■ INFORMATION PROVIDED:
┌──
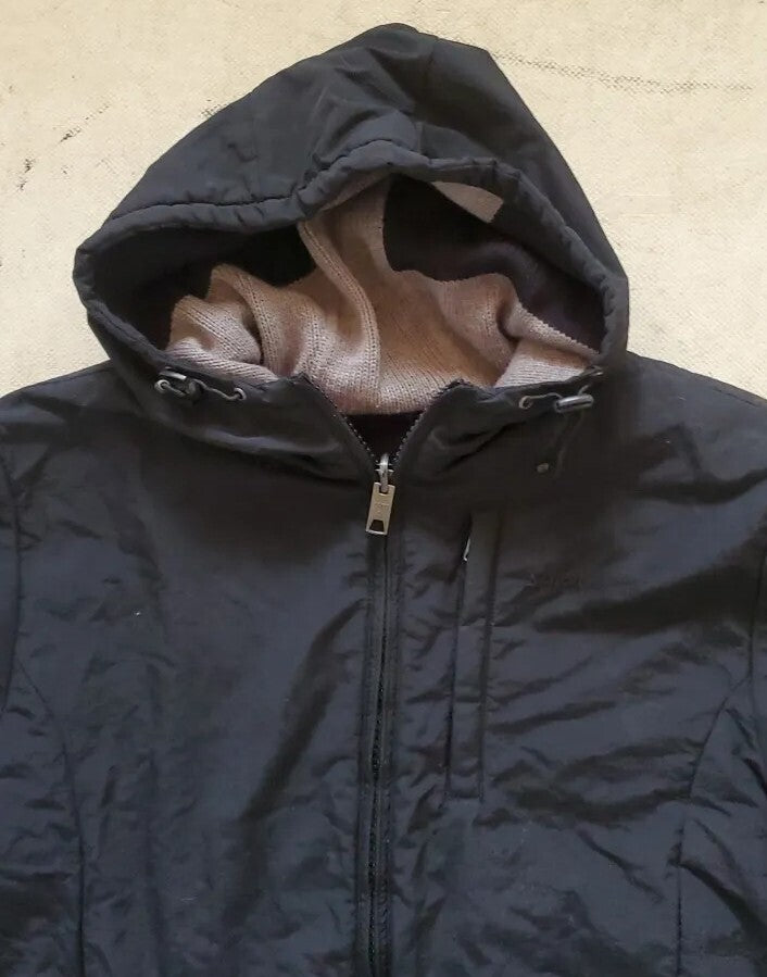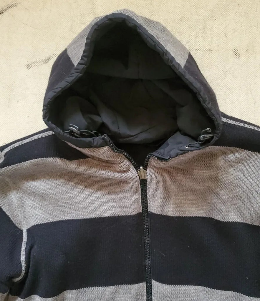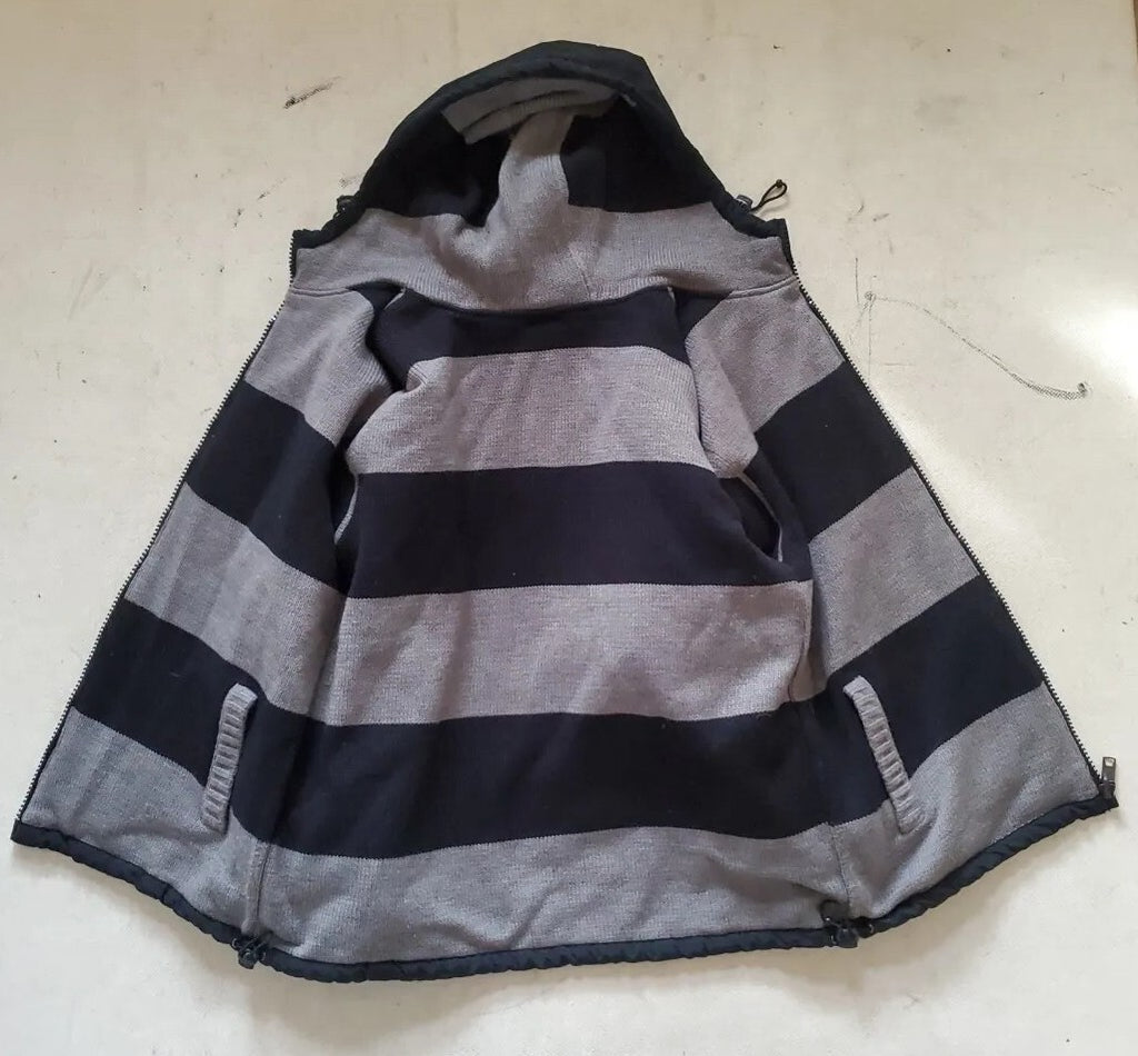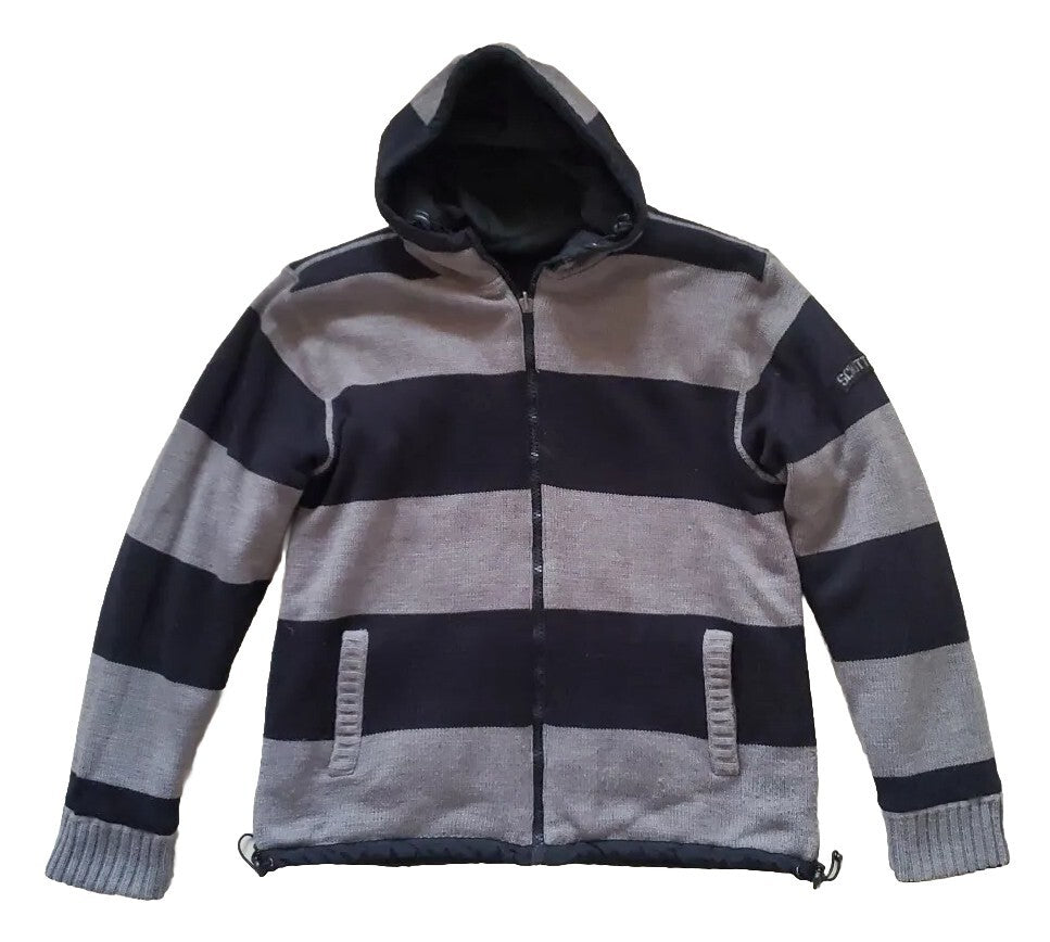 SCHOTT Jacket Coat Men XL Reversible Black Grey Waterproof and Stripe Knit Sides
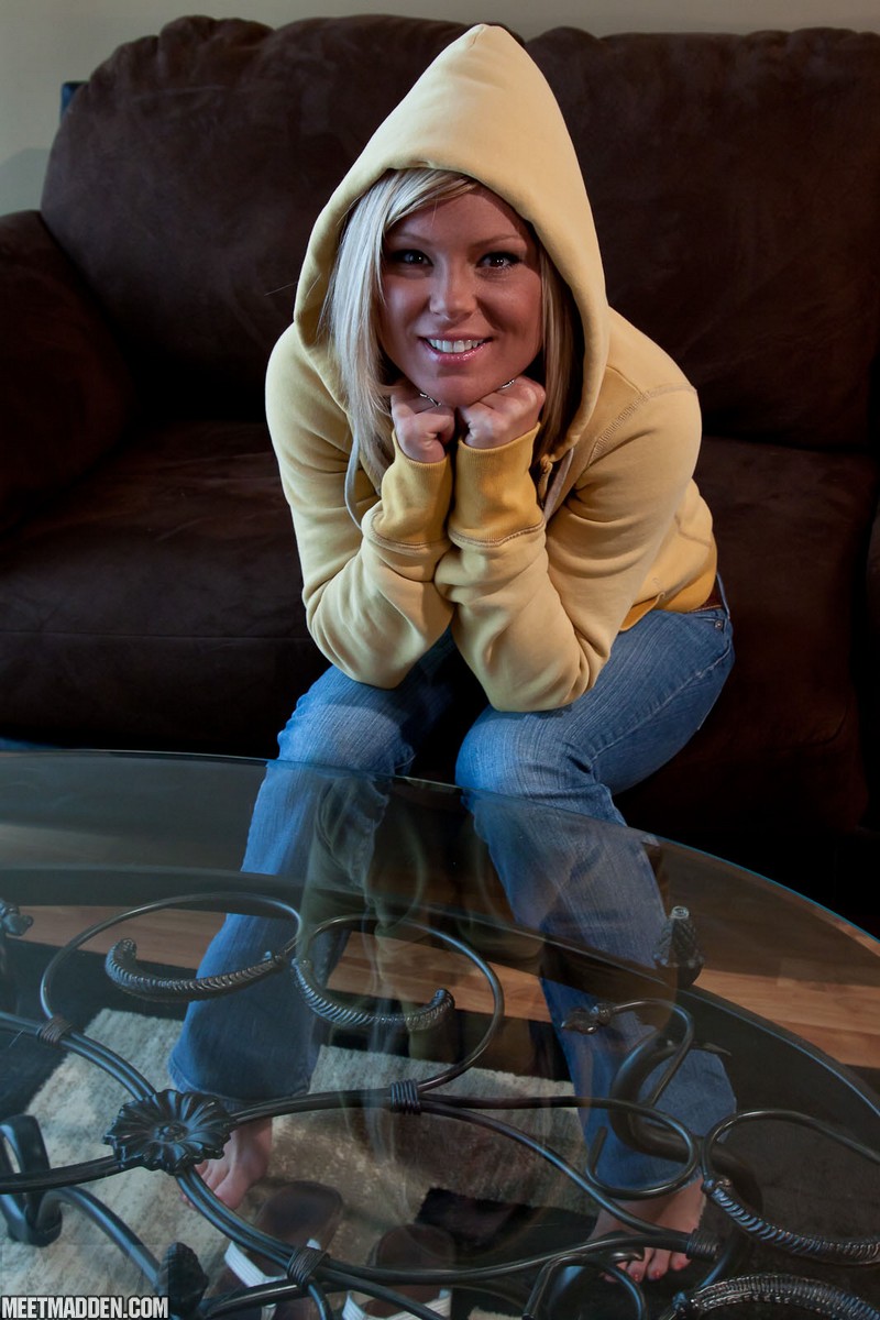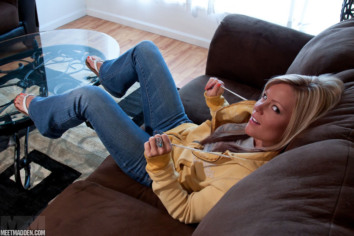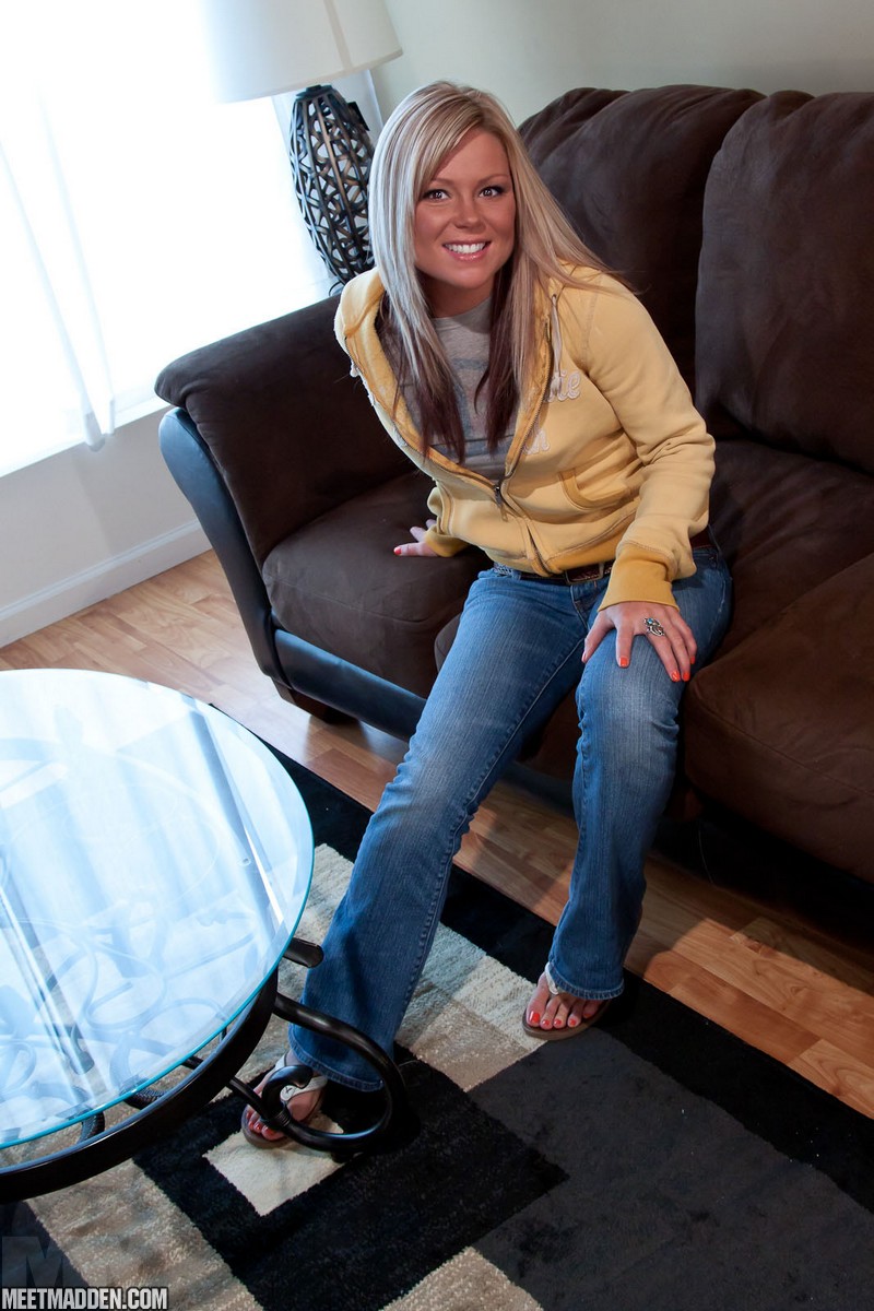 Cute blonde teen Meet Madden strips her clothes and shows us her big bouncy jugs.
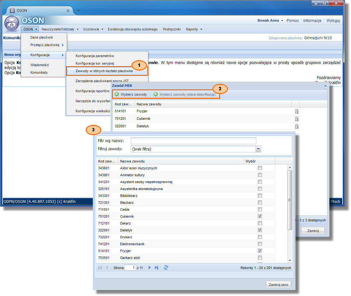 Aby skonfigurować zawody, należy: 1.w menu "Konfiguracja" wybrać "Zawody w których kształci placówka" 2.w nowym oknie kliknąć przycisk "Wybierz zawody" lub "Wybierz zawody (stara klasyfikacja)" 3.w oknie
└──
■ TASK ITEM: Pictures do not belong in the copy. Reproduce the rest of the data exactly.

■ RESPONSE TO THIS EXERCISE:
 SCHOTT Jacket Coat Men XL Reversible Black Grey Waterproof and Stripe Knit Sides
 Cute blonde teen Meet Madden strips her clothes and shows us her big bouncy jugs.
 Aby skonfigurować zawody, należy: 1.w menu "Konfiguracja" wybrać "Zawody w których kształci placówka" 2.w nowym oknie kliknąć przycisk "Wybierz zawody" lub "Wybierz zawody (stara klasyfikacja)" 3.w oknie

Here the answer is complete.